Beard v. Arbuckle

19 W. Va. 145 | W. Va. | 1881

JOHNSON, President,

announced the opinion of the Court:

After the decrees rendered in the original cause supra had been appealed from, and an appeal and supersedeas to said decrees had been granted by this Court, the creditors of the defendant, Arbuckle, filed their petition in the circuit court of Greenbrier county, in which petition ample grounds are alleged to justify the appointment of a receiver, to take charge of and rent the lands and collect the rents and profits for the benefit of the creditors, pending the litigation. The petition alleges the insolvency of the .said defendant, that he has no personal property, and that the real estate is wholly insufficient to discharge the liens thereon, and prays that said Arbuckle may be removed or discharged from his position as nominal receiver in the cause, that a receiver may be appointed in his stead, who shall be required to execute a proper bond with good security, &c., and that he may be directed to take immediate possession of all said lands &c.

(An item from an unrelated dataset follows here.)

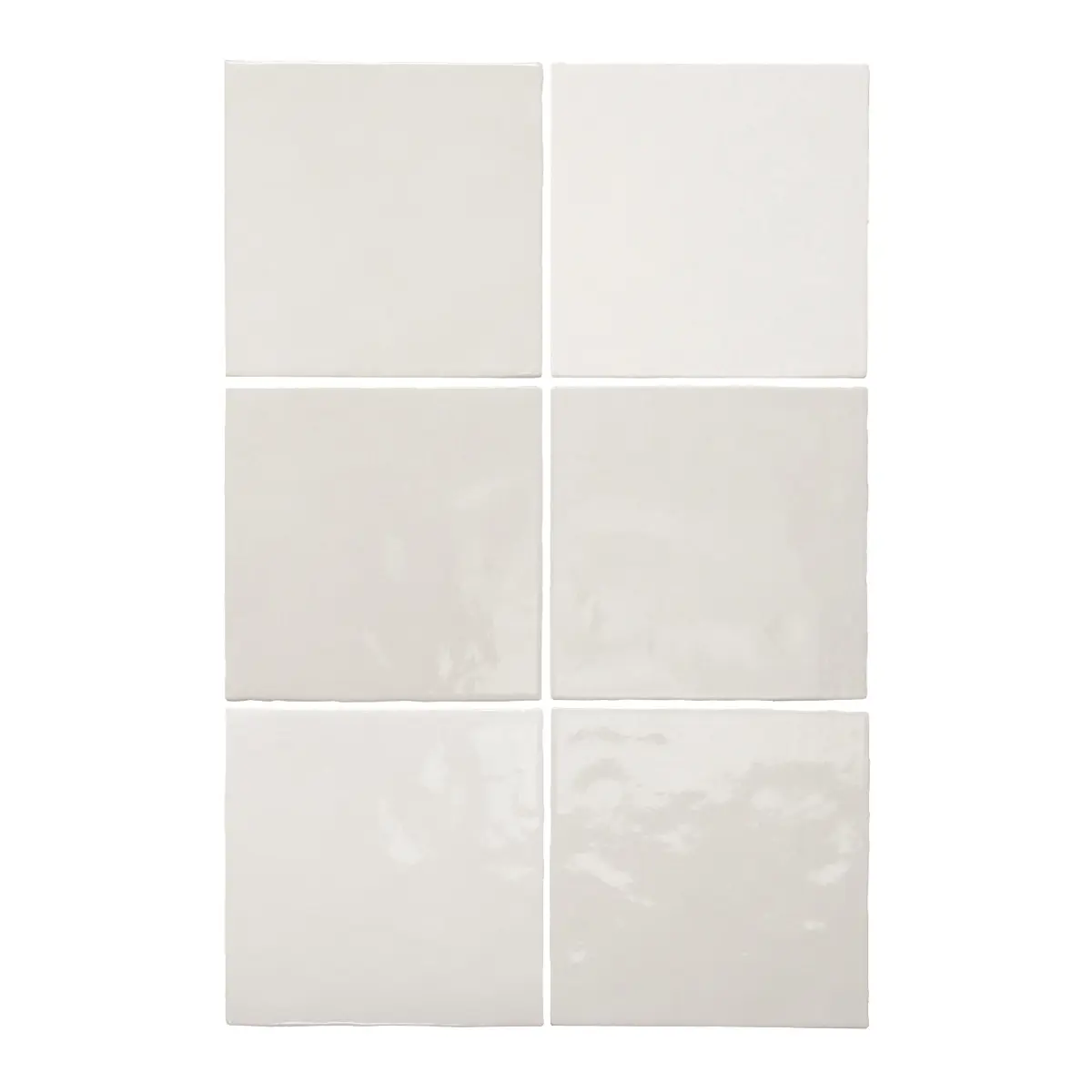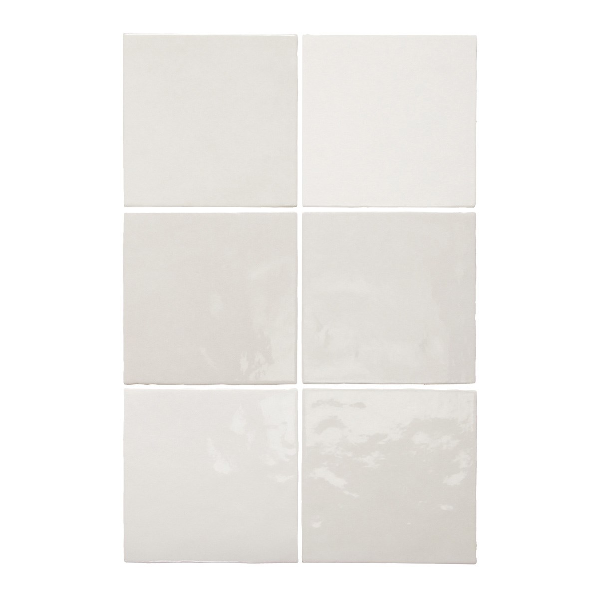 Equipe Artisan White 13.2x13.2 är en platta i en varierande vit färg med en vågig och blank yta. Plattans kanter är pressade och något ojämna, vilket skapar ett snyggt rustikt intryck.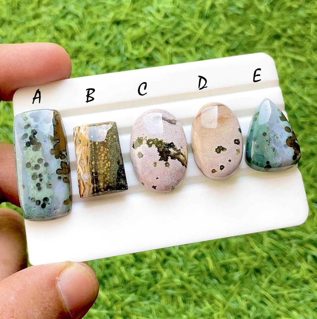Wild Reef Ocean Jasper Cabochon Set, Rare Floral Pattern Ocean Jasper, Designer Jewelry Making Stones, Collector Gem Lot

The defendant, Arbuckle, in his answer to the petition did not controvert the allegation of his insolvency nor deny, that the lands were insufficient to discharge the liens ascertained, nor that he had no personal property; but did say: “ If the liens against his lands are properly ascertained and the account against him properly stated, his lands, if sold for their real value, will be amply sufficient to pay his debts.” He resists the appointment of a receiver, on the ground that the cause was pending in the Court of Appeals, and all the decrees in the cause had been superseded, and therefore the circuit court *147could not appoint a receiver to take charge of the property.

On the 22d day of November, 1878, the said petition was heard with the answers and affidavits filed; and the court decided, “that although this cause is now pending in the Coui't of Appeals, it is not so entirely removed from this court as to prevent the court from taking such steps to preserve the property, which is therein sought to be subjected to the payment of the debts of said Arbuckle, and to make it productive, so far as may be for the benefit of the said creditors, while said litigation is pending. And the court is further of opinion, that said property for said purposes should be put into the hands of some proper and disinterested person as receiver, who shall give bond with security for the faithful discharge of his duty; and it is therefore adjudged, ordered and decreed, that the defendant, Mathew Arbuckle, who was appointed receiver without any bond being required by the decree entered on the 25th day of June, 1877, be and he is hereby removed and discharged from said position as receiver, and James Knight be and he is hereby appointed a special receiver in this cause, with instructions to take immediate possession and control of all of the lands of the said Arbuckle, which were directed to be re-sold by the decree entered in this cause on the 25th day of June, 1877, except the tract of seventy-three and one half acres laid down in the plat by surveyor Bright in this suit as lot No. 1, and known as the “Price place, or tract,” where the said Arbuckle now resides, the petitioners consenting that he may continue for the present in possession thereof.” He was by said order directed to rent all said land, &c. But before entering upon the discharge of his duties under said decree he was required to execute a proper bond in the penalty of $2,000.00.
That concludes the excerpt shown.